The shift in marketing is partly driven by developers, who see this as phenomenally cost-effective – it’s much cheaper to send an e-blast than to mail 1,000 letters. It’s also partly driven by buyers, who increasingly turn to the Internet as a source of information on just about everything.

This shift has several implications: It changes the role of the realtor, it alters the dynamics at the sales centre and it affects the overall selling strategy.

Project websites used to look more like electronic versions of print ads, says Mitchell.

And, like print ads, the main purpose was to drive people to visit the sales centre, where a salesperson would dole out information and secure the sale.

Now, websites offer virtually the same amount of information available at sales centres – everything from floor plans to pricing, building amenities and renderings.

Some, like Baker, resisted the inclusion of so much information on the web, fearing it would render realtors unnecessary or prevent people from going to sales centres. But she, along with many others, has changed her mind.

“I used to think it would hurt us. I now know it helps. The more we can provide them, the more comfortable they are,” she says. “Now, we put as much information on the web as possible.”

Tiiu Knude was looking in the east end of Toronto for her first condo. A Google search brought her to the website for EQ1, a Monarch project at Hwy. 401 and McCowan Rd.

“What was great about the website was that it had floor plans and prices, so that sort of immediately piqued my interest because, (I thought) ‘Oh, I could afford this,'” Knude says.

“That was a big selling point because it was all laid out there on the website … If you’re just looking at a website and you see great floor plans, you’re thinking, ‘Oh it’s probably out of my range and I won’t even bother pursuing it.’ But when you see some prices, you think, ‘Oh, well that’s not too bad.’ Then you pursue it further.”

Megan Sim, a first-time condo owner who bought a unit at Vü, an Aspen Ridge Homes development near Jarvis St. and Adelaide St.
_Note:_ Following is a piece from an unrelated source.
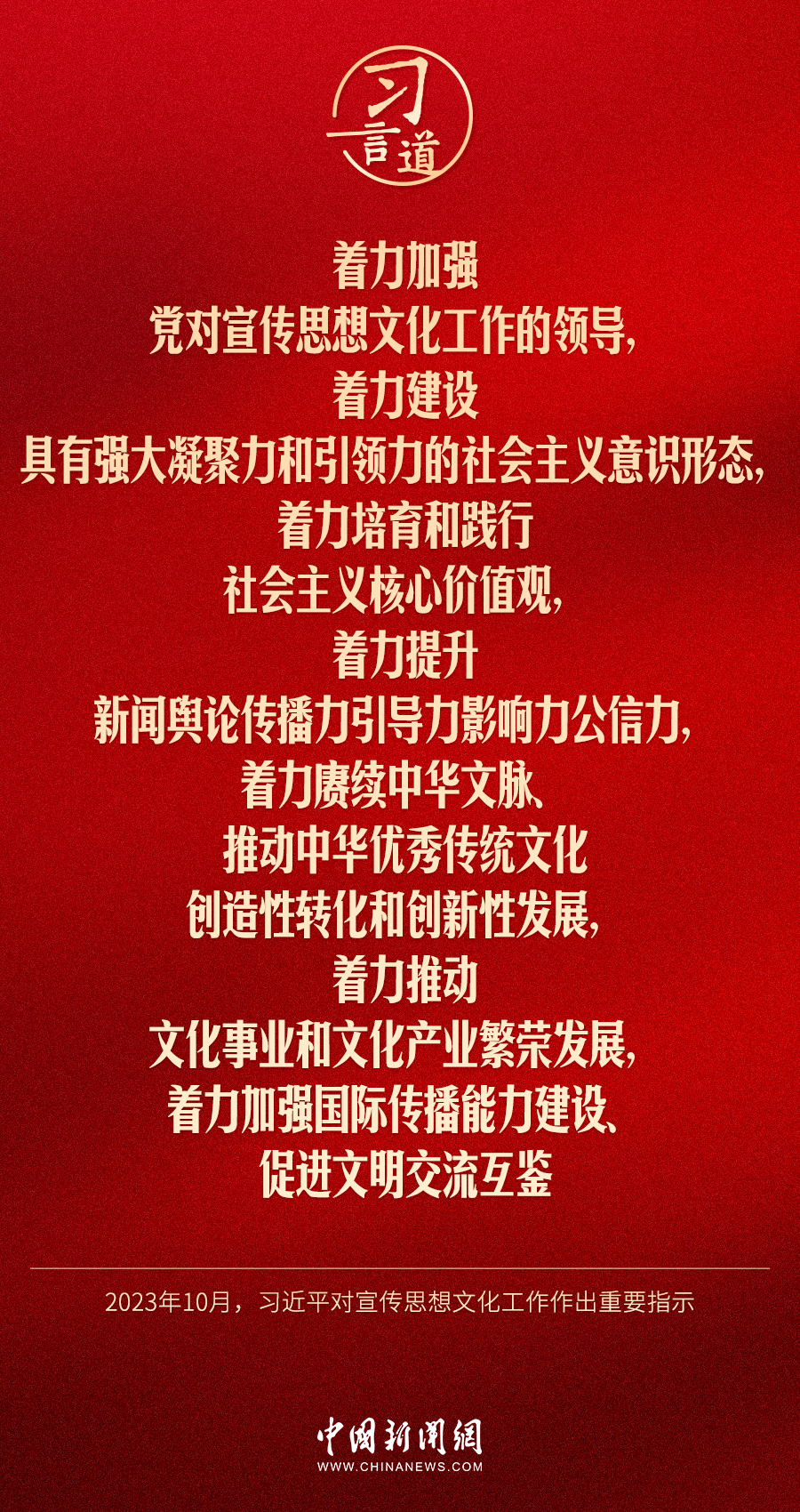 中共中央總書記、國家主席、中央軍委主席習(xí)近平近日對宣傳思想文化工作作出重要指示,他指出——

E., was able to learn about the project’s designers, architects and building features before visiting the sales centre.

She agrees that posting things such as floor plans and pricing online is important, especially for first-time buyers.

“You don’t want to fall in love with a building and then realize when you get there to the sales office that you can’t afford it,” she says.

Because information-rich websites allow prospective buyers to narrow down their choices, the sales process is much faster.

“There’s less physical shopping,” Baker says. Instead of driving to 20 sales centres around the city, maybe five of which might fit a prospective buyer’s specifications, buyers can narrow down their search to a handful of locations.

“It takes away a lot of the manual time and labour,” says Mitchell.

The ability for shoppers to do e-research also means a faster turnover in sales offices and more actual sales per visitor, because those who visit are serious about buying.

“People coming into the sales office are way better informed … people come in knowing what they want,” Mortazavi says.

Baker agrees. “I have had people walking into the office with a floor plan. They know what they want.”

She is now working on a virtual sales office for her overseas clients, who will be able to book online appointments with her.

This is another major benefit of online marketing: increased exposure to international buyers and investors.

For a city where 43 per cent of the population wasn’t born here, international buyers – investors, immigrants and parents looking to buy a place for their children when they travel here for school – are a major market force, says Baker.

“There’s a whole world out there.”

She has a client from England who recently bought a suite in the new Ritz-Carlton development without even visiting Toronto because the website was so well constructed.

Vicki Griffiths, principal of Vicbar Marketing, says there’s a large condo investment market in Toronto, which means developers need to appeal to international and local “business heads,” as opposed to the more typically emotional home buyers.

She spends a lot of time chatting with younger buyers in sales centres to get an idea of what features appeal to them.

“The way we reach them is through the Internet,” she says. “It really is the wave of the future.”